Namun begitu, masyarakat kerap kali diberi antiobiotik ketika berobat.
Nyatanya, tidak semua penyakit membutuhkan antibiotik dalam proses pengobatannya
“Sebenarnya, ada sistem dari tubuh yang namanya ‘Self healing’. Saat terserang penyakit, bisa sembuh sendiri tanpa antibiotik,” ujar Hari.
Pemberian antibiotik yang sembarangan kepada pasien justru bisa menyerang daya tahan tubuh pasien. Akibatnya, pasien bukannya sembuh, malah semakin sakit.
Akibatnya Fatal Hari menyebutkan, pemberian antibiotik hanya diperbolehkan untuk penyakit yang disebabkan bakteri.

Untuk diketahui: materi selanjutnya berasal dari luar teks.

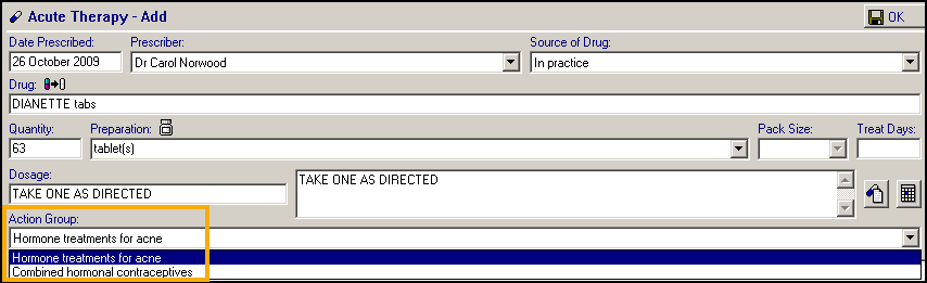 It is therefore important that you select the correct drug class in Action Group:

Dengan demikian, apabila penyakit bersumber dari virus, maka tidak usah diresepkan antibiotik. Selama ini, masyarakat ataupun tenaga medis kerap salah kaprah karena tergesa-gesa dalam mengonsumsi antibiotik.
Menurut dia, dari pihak klinis seharusnya memeriksa secara mendalam penyakit pasien supaya tidak terjadi salah diagnosis antara penyakit karena virus dengan penyakit karena bakteri. Terkadang, penyakit karena infeksi virus dan bakteri sukar dibedakan.
Untuk, Hari meminta dokter melakukan pemeriksaan darah pasien agar dapat mengatasi keraguan tersebut
“Kalau badan panas jangan buru-buru dikasih antibiotik. Bisa saja panas itu karena trauma bahan kimia. Kanker juga bikin badan panas. Dokter sebaiknya memeriksa infeksinya, dari virus atau bakteri,” ujarnya.
Hari melanjutkan, dokter yang masih memberikan antibiotik untuk segala penyakit karena pengajaran semasa kuliah dulu harus mau mengakui perkembangan zaman ini supaya tidak menjerumuskan pasien pada kondisi yang memburuk.
Dia kemudian berkata bahwa individu yang menderita penyakit seperti batuk, pilek, demam, radang tenggorokan, dan inflamasi tidak perlu diberikan antiobitik.
Pasalnya, penyakit tersebut tidak disebabkan oleh bakteri. “Flu, gondongan, cacar air, varisela, dan demam berdarah juga tidak butuh antibiotik,” imbuhnya.